Source : FC :Arun Kumar Jain May 17 2010
There is an old Chinese saying that the mountains are high and the emperor
is far away.
We know that Chinese manufacturing has already made its way all over the world. Open any laptop, mobile phone, flat or plasma TV set, or video game. Irrespective of brand, it is most likely that the complex piece of technology has been made and assembled in China including the chips, battery, and casings.
Yet, somehow, the impression persists that Chinese goods are inferior and generally unreliable. Much of this emanates from publicity about Chinese sweat-shops and business practices. China has faced anti-dumping charges and duties in many countries. In 2006, it was taken to court at WTO by the US. Its companies have been marked for unsafe and dangerous exports of dairy and food products, lead-painted toys and toothpaste. No doubt, China is also one the world’s largest producers of copycat, counterfeit and pirated software, luxury goods, videos, and even medicines. Senates and parliaments have debated imposing penalties on China for currency manipulation, restrictive and unfair trade practices, and intellectual property rights.
But that is a small and superficial part of Chinese global industrial juggernaut. Most developed countries are running huge trade deficits with China. US alone had a trade deficit of above $300 billion in 2008. Most think that such trade surpluses are a result of low-cost platform that China provides. This is partly true, but not entirely.
As a rule, one must be respectful to any country that becomes No. 1 in any area. China is already the world’s leading exporting nation, having overtaken Germany in 2008-09. However, unlike Germany, the range of goods and industries in which Chinese firms have taken a lead position is astounding. Starting with commodity such as steel, the country also leads in production of electronics hardware, textiles, toys, shoes and leather products (including ladies handbags), telecom equipment, military hardware, solar panels for photo-voltaic conversion, electric bikes, batteries for electric cars, to name just a few. The country is slated to be amongst the top two producers of passenger aircrafts within a decade, and will give Boeing and Airbus a run for their money.

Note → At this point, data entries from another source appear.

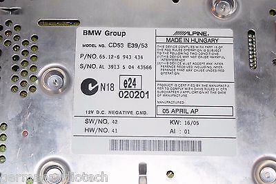 This is your opportunity to purchase (1) BMW BUSINESS CD PLAYER. Production date is APRIL 2005, which means it is also compatible with AUX Input, iPOD/iPhone and Satellite Radio adapters. Item is fully tested in perfect working condition, GUARANTEED! This is a high-powered, Class 1 Laser Product. Full RDS text ready, displays radio station info. Will play CD, CD-R, CD-RW (burned CDs) MP3 formatted discs. Radio has the ability of simply adapting to iPOD or MP3 device. Replace that out-dated cassette player and give yourself the ability to play CD's "on the fly", right from the front seats! When upgrading to this Business CD from a cassette tape player, the 'bass/tremble/balance/fade' EQ options relocate to your MID display. Your BMW is not the place for aftermarket head units, nothing works better than this OEM part! Bidders are required to do their research on compatibility, but if you have any questions we are happy to help! Light wear on used parts. If you need an adapter for a pre-2000 build E39, please . Please see ACTUAL photos below. International and Canadian buyers welcome!
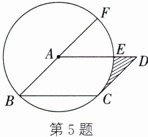 5. 如图, 在 $□ ABCD$ 中, 以点 $A$ 为圆心、$AB$ 为半径的圆恰好与 $CD$ 相切于点 $C$, 交 $AD$ 于点 $E$, 延长 $BA$, 交 $\odot A$ 于点 $F$. 若 $\overset{\frown}{EF}$ 的长为 $\frac{\pi}{2}$, 求图中阴影部分的面积.
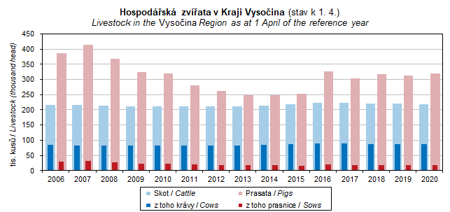 Graf 27. Hospodářská zvířata v Kraji Vysočina (stav k 1. 4.)
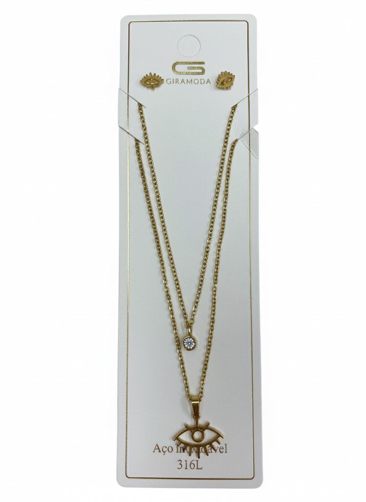 Colar + Brinco Olho Grego N237 Aço Inoxidável - NÃO HÁ TROCA
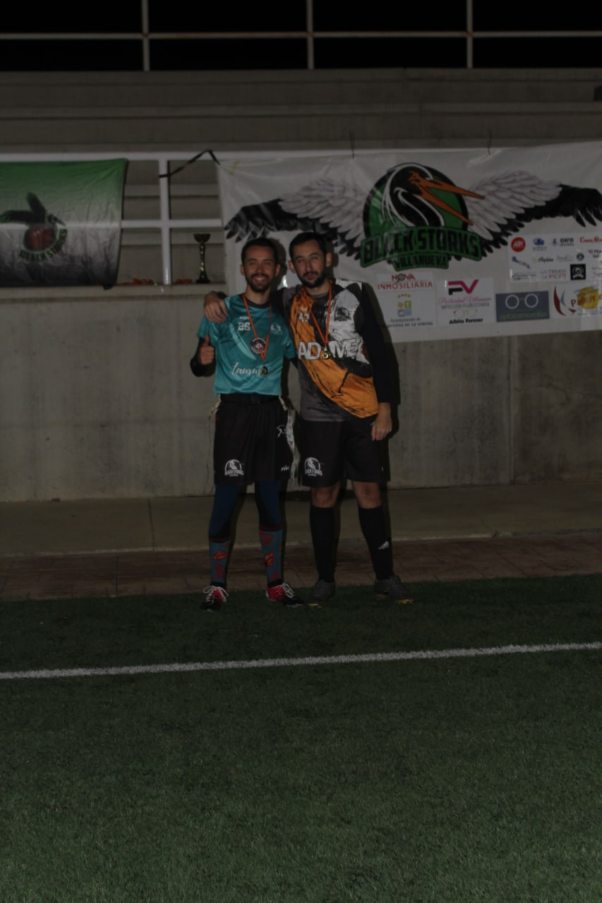 Este sábado también tuvimos la habitual entrega de medallas y trofeos. Tercer clasificado sería Spartans, nuevamente subcampeones Saiyans y la copa la volvieron a levantar los Raptors. El MVP de toda la competición se lo llevó el gran regreso de la temporada, el incondicional Álex Pastor que ha estado casi dos años de baja y ha vuelto en este curso a su cien por cien. Como quarterback de Saiyans, ha repartido en total 7 pases de touchdown y ha sumado 6 anotaciones con sus carreras, siendo el tercer máximo anotador de esta V Liga ADAME con 36 puntos. Lo superaron únicamente Jaime Arjona (40 puntos) y Álex Márquez (38), ambos jugadores de Raptors.
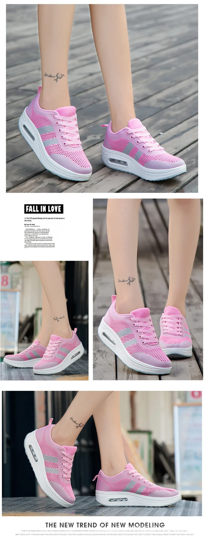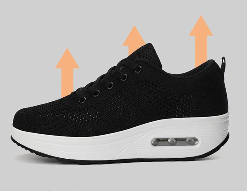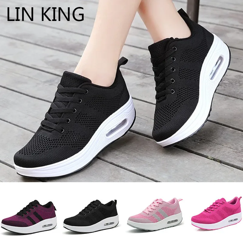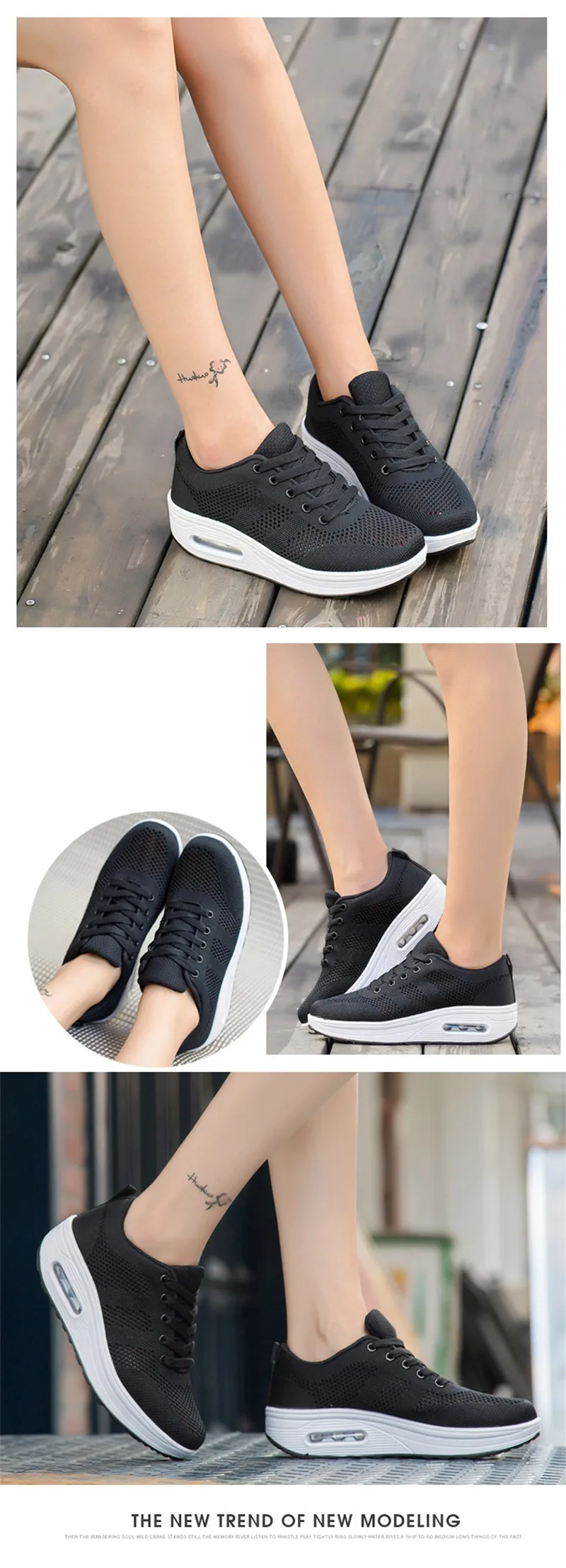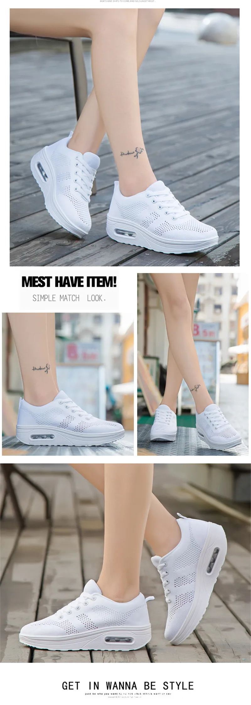 кроссовки женские кеды женские туфли женские туфли на платформе обувь женская Женские кроссовки на танкетке, дышащие повседневные спортивные туфли с сетчатым верхом, на шнуровке, на платформе, для увеличения роста
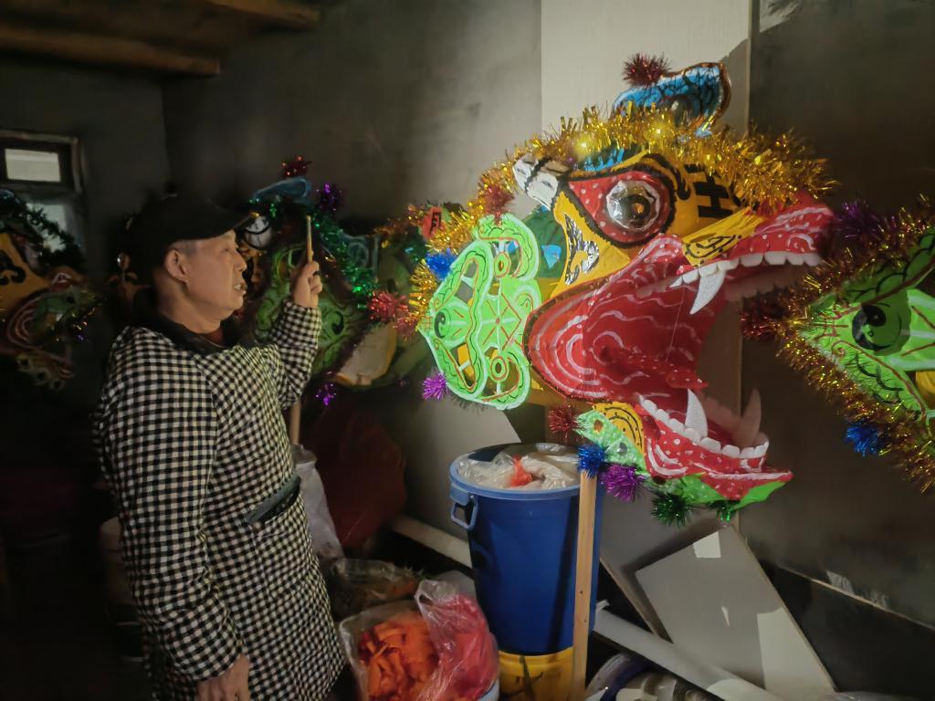 小時候,楊秀舉跟著父親學如何編扎毛龍。如今92歲的父親楊勝和,盡管很少動手編扎,但依然是兒子的“資深顧問”。
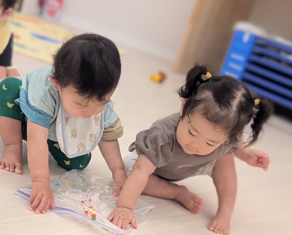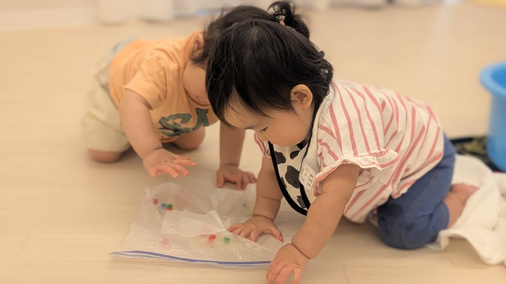 まずは、ジップロックに水と水でふくらむビーズを入れての感触遊び♪
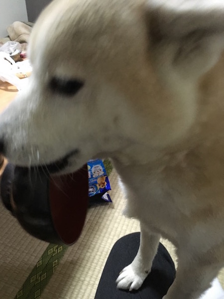 屍忌蛇 ガルルルルル……って唸ってます。安兵衛は、酔った俺が嫌いなのよ。安兵衛だけじゃないな。みんな俺のことを煙たがる。人間的に最低だから(と言って、黒霧島のパックを牛乳のように飲む)。
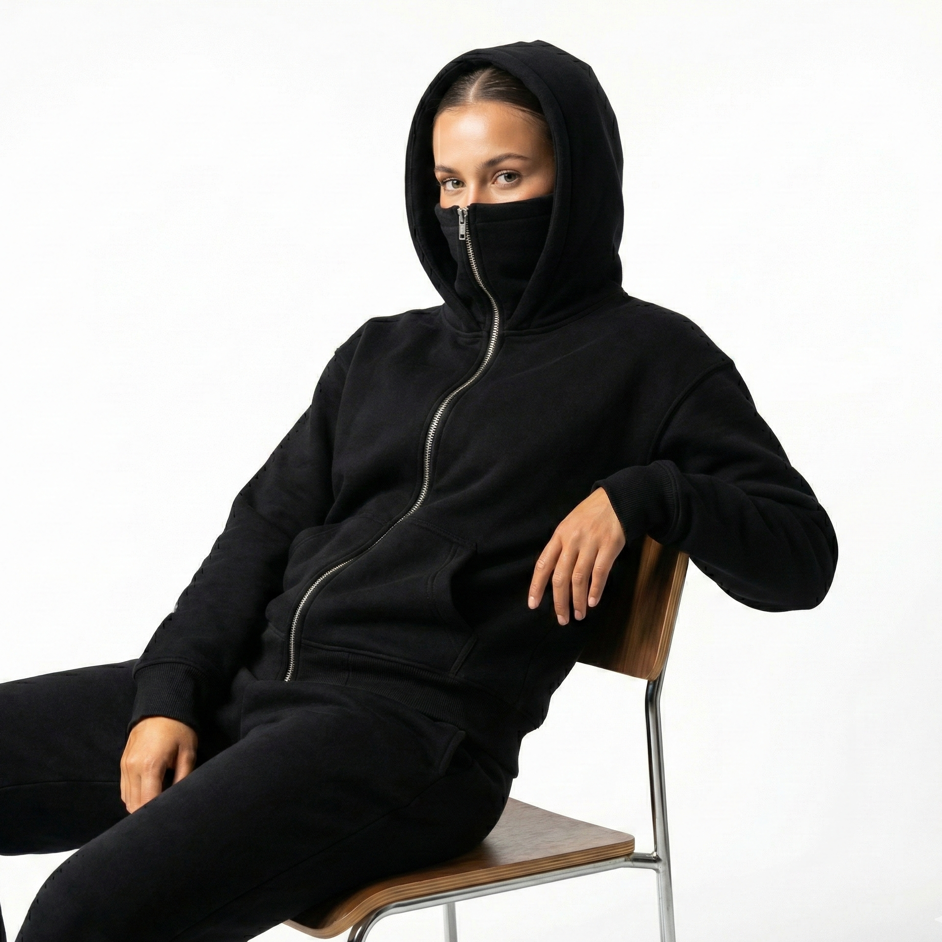 Elevate your style and comfort with this versatile hoodie, featuring a practical mask for added convenience. It's perfect for layering in cooler weather while making a fashion statement.
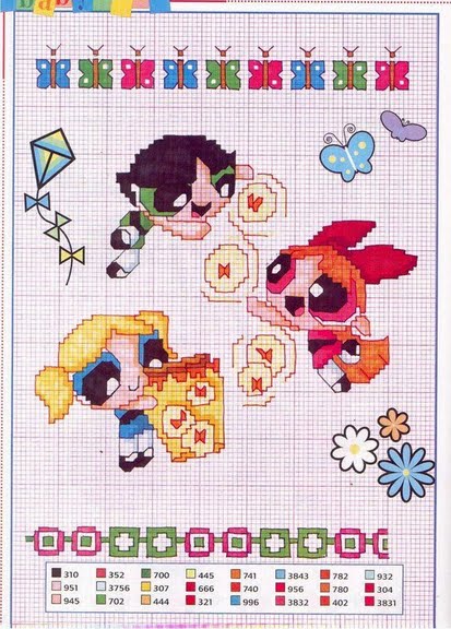 The Powerpuff Girls gardening cross stitch patterns
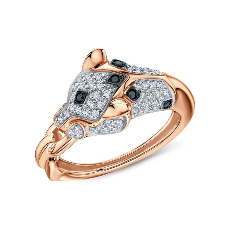 Кольцо с 70 бриллиантами природными, 0.343 карат, огранка круг 17 граней, цвет 2, чистота 2, тип огранки А; 6 бриллиантами черными природными облагороженными, 0.058 карат, огранка круг 57 граней, цвет 7, чистота 6, тип огранки А; 2 бриллиантами черными природными облагороженными, 0.009 карат, огранка круг 57 граней, цвет 7, чистота 6, тип огранки А; Розовое золото 585 пробы.
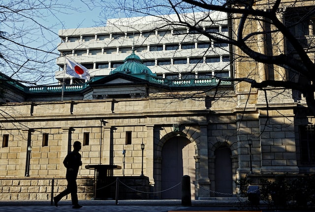 A passerby walks past in front of the Bank of Japan headquarters in Tokyo, Japan January 23, 2025. REUTERS

The point here is that it is time to review some of our embedded perceptions about China, and to understand how the country and its firms systematically scour global markets for business opportunities, technologies, and resource mobilisation. We already know of some Chinese firms such as SAIC (automobiles), CACC (commercial aircraft), Haier, Huawei, Lenovo, Goldwind and TTI that are aggressive in global markets.
Not many know of another quiet revolution happening around the globe, where Chinese companies are strategically buying majority shares in unlisted SMEs. These companies provide resources such as innovation capability, hi-technology and access to big consumers. Consider the following examples. Schiess Gmbh is a respected construction machinery maker in Germany having a history of more than 150 years in high-technology innovations. Though multinational in character, the company remained unlisted, privately owned entity. It specialises in machining components of very large size such as turbines or tunnel cutting. The company also boasts of micrometre precision even for lengths of 10 metres. Schiess was gradually taken over by Shenyang Machine Tool, the biggest tool manufacturer in China, specialising in small and medium-scale cutting machine tools. Schiess provides strategic depth to SMTCL in terms of product range and geographic coverage. The best part of this unpublicised acquisition is that the entire original German structure remains intact and Chinese ownership is hardly felt either by the customer or by its employees.
In a recent issue, the weekly Economist mentioned similar Chinese acquisitions of smaller Japanese companies. BYD, a Chinese car maker in which Warren Buffett has invested, acquired the Japanese dye maker factory of Ogihara for its unique capability for precision drill technology. The deal was never publicised. The weekly also mentions another acquisition of Laox by a Chinese appliances retailer Suning. The reasons for this acquisition are again strategic — learning to match famed Japanese quality and service standards at the supplier’s and distributor’s end, learning to innovate.
The writings are clear: disregard competition from China in innovation and high-technology areas at your own risk. Till not long ago, South Korea and Taiwan were considered sweatshops. Now they have some global leaders in their ranks (Samsung, LG, Acer). The Chinese have arrived and are coming in hordes.